So how resilient are you? A networking group had a roundtable conversation about resiliency. How do you know if you’re resilient? How do you develop and encourage resiliency in your kids? We went around and identified on a scale of 1-10 how each of us rated ourselves. Everyone confidently shared their scores, anywhere from 8-10. When it came to me, I said I would rate myself a 5. I don’t think I’m resilient. I don’t think I bounce back well. I don’t see tomorrow as “another day” when I’m going through a hard time. I forget about the things in my life that I’m grateful for. I might know that this is not the “end of my world” but I struggle to accept what I don’t like.
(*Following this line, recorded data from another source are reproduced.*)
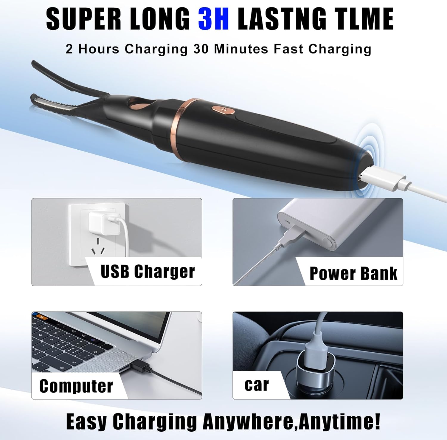 - Type-C Fast Charging and Portable - Type-C rechargeable heated lash curler with slim and compact design makes it ideal for taking on the go. An essential in every girl's makeup pouch. Best gift for women and girls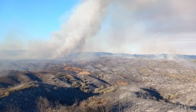 El incendio forestal avanza por las laderas desde el punto donde se encuentra el foco. Por un lado, hacia el este, fuera de la base militar, pero por otro, hacia el interior de esta, "donde no podemos trabajar".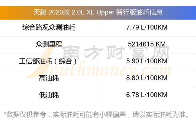 根据车主实测数据,该车型低油耗为6.78升每百公里,高油耗为8.80升每百公里,综合路况众测油耗为7.79升每百公里,工信部综合油耗为5.90升每百公里。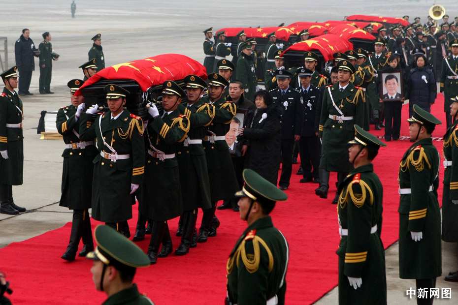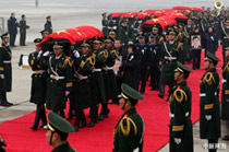 1月19日上午,在海地地震中犧牲的八位中國維和警察遺體回國接機(jī)儀式在北京首都機(jī)場舉行。中新社記者 富田 攝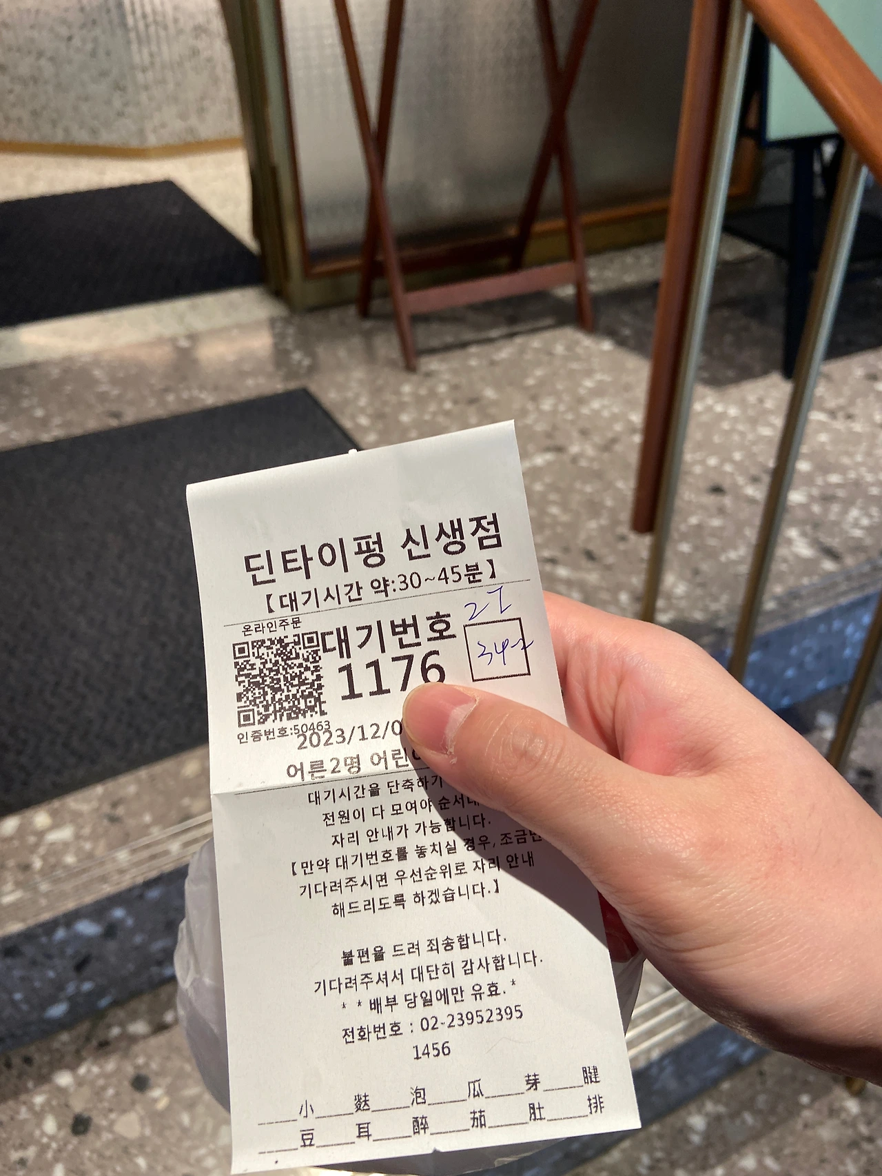 웨이팅 방법은 이미 알고 있을 듯하다. 어슬렁어슬렁 가게 앞의 안내 종업원에게 가면 그냥 바로 한국어로 웨이팅을 잡아준다. 그러면 웨이팅 번호를 알려주고 가게 바로 앞에 전광판에 나온 숫자를 보면서 내 번호가 뜨면 바로 가서 종이를 보여주고 입장을 하면 된다. 입장을 할 때가 되면 원래는 빈칸이었던 저 네모박스에 내 테이블 넘버를 적어주니 식당에 들어가서 그곳의 종업원에게 또 보여주면 친절히 자리까지 안내해 준다.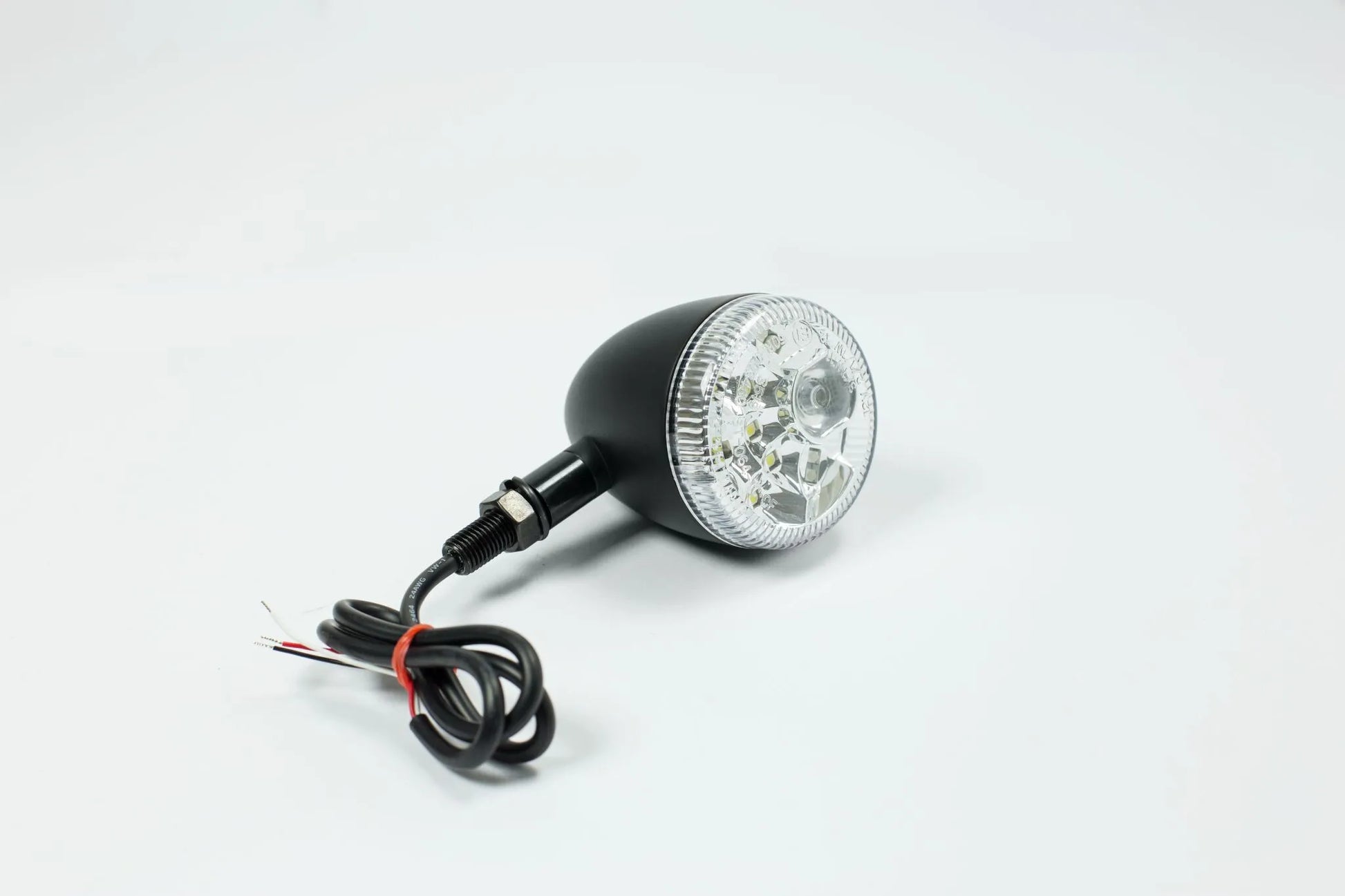 The Parts Europe E-Marked Front Indicator Light combines style and functionality. The satin black housing and clear lens offer a sophisticated look while ensuring optimal light output. The integrated position light enhances visibility, increasing safety on the road. These 2-in-1 LED turn signals are E-Marked, guaranteeing compliance with European safety standards. Designed for bolt-on mounting at the front of your motorcycle, these indicators provide a seamless and secure fit.

Everyone in the room who knows me disagreed with me. They assured me that I am resilient. They reminded me that I became a divorce coach after a terrible divorce. I help others to approach their divorce in a way that I didn’t for lack of a strategic planner of my own. So that’s why I MUST be resilient!
If resiliency is defined as taking a bad situation and turning it into something good, then I guess I am resilient. But I feel that people who profess to be totally resilient might also be hiding behind some of the emotions of life and especially change. There is considerable societal pressure to bounce back; encouragement to not look back, and to move on.
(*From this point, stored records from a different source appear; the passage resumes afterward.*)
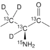 L-Треонин-¹³C₄,¹⁵N,2,3,4,4,4-d₅ — высокоочищенный изотопно-меченый аминокислотный стандарт, обогащённый стабильными изотопами углерода-13 (99 ат.%), азота-15 (98 ат.%) и дейтерием (98 ат.%). Содержит 5 атомов дейтерия в позициях 2,3,4,4,4, четыре атома углерода-13 и атом азота-15. Продукт химической чистоты (CP) 95% идеально подходит для использования в масс-спектрометрии и ЯМР-спектроскопии в качестве внутреннего стандарта. Треонин — незаменимая аминокислота, играющая ключевую роль в синтезе белков и функционировании иммунной системы. Меченый изотопами треонин применяется в исследованиях метаболизма, фармакокинетики и протеомного анализа.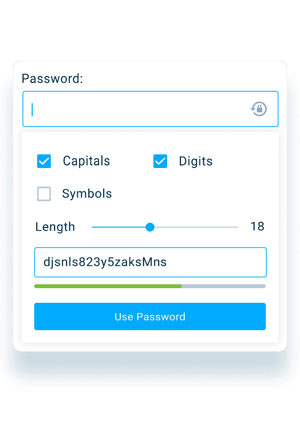 Crée des combinaisons fortes comprenant des chiffres, des caractères et des lettres majuscules et Sauvegarde-les instantanément dans le stockage de données cryptées. Garde tous tes mots de passe en sécurité et accède-y à tout moment et n'importe où!
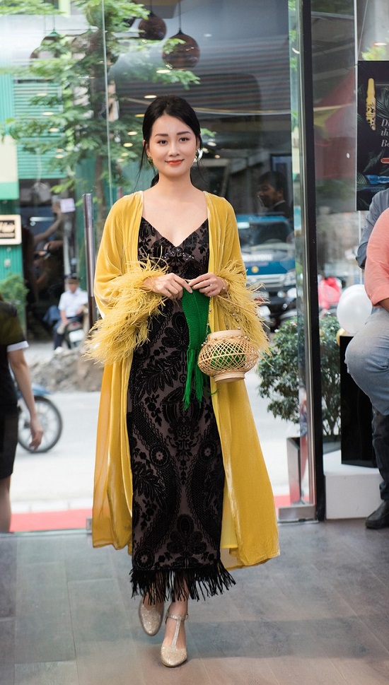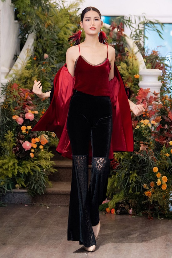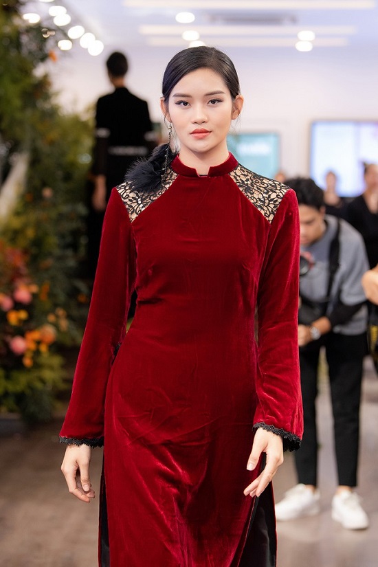 Đến với sự kiện, Hoa hậu Dương Thùy Linh diện áo dài bằng chất liệu nhung với chi tiết cách điệu bằng tua rua đen sang trọng. Mặc dù đã lập gia đình từ lâu và trải qua sinh nở nhưng Dương Thùy Linh vẫn khiến các fans ngưỡng mộ bởi sở hữu hình thể không thua thời con gái.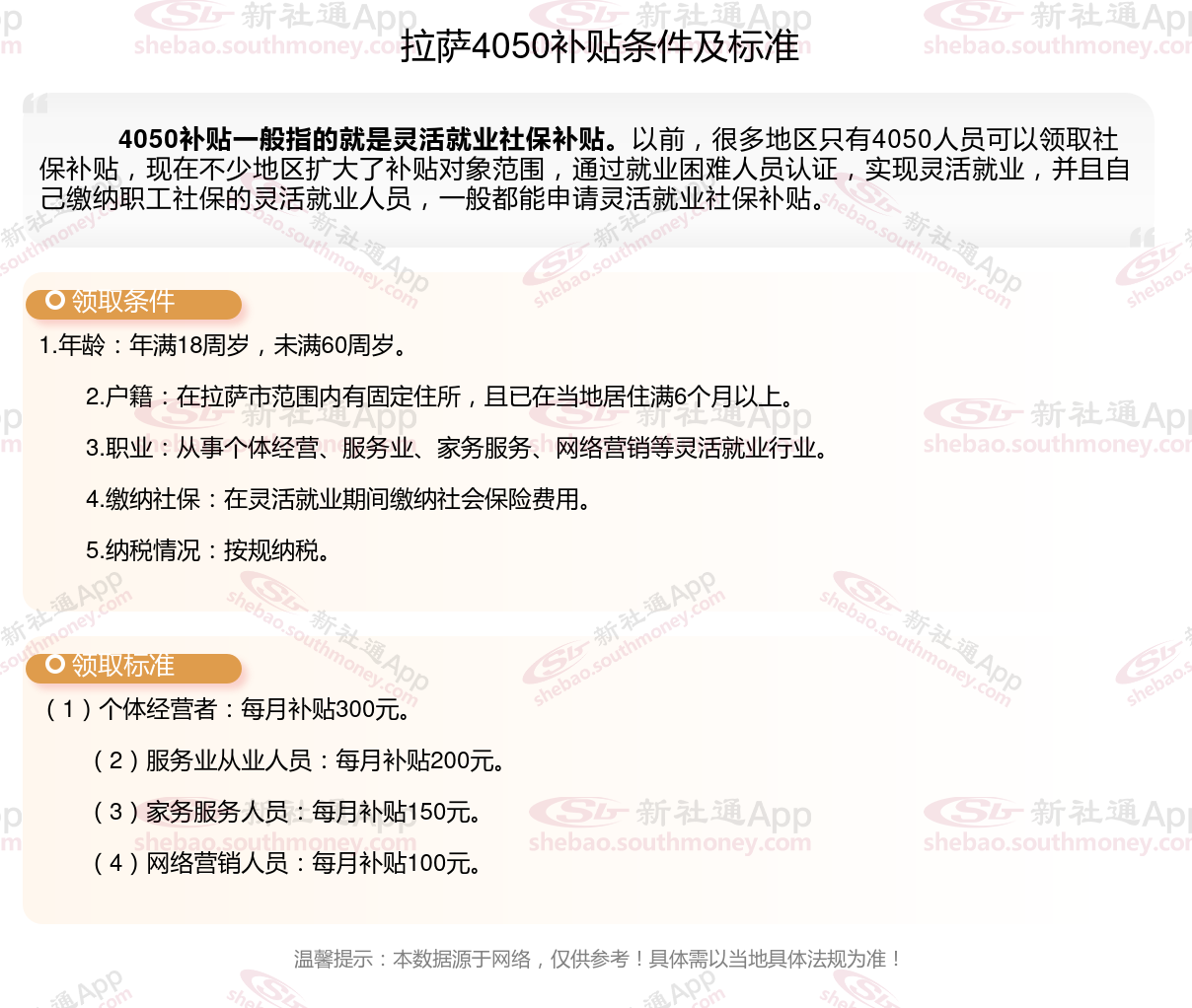2024拉萨灵活就业4050社保补贴是一项面向特定年龄段的就业困难人群的社会保险补贴。

Sometimes the intensity of being hit by the “club” prevents you from moving on right then. Why put pressure on yourself to say “I’m fine” when in reality, you feel like shit. My vote is to embrace that shit and learn from it. Identify your role (if any) in the situation. See how you can avoid similar situations in the future. And sometimes, just commit to getting out of bed and smiling when possible that day. You don’t have to bounce back until you’re ready.
Embrace the journey, the pain, and then make a plan for tomorrow. And if you look back and decide that you are resilient, kudos to you!! Resilient means you moved on…and doesn’t everyone in time? Some quicker than others but there aren’t a lot of options either…life goes on.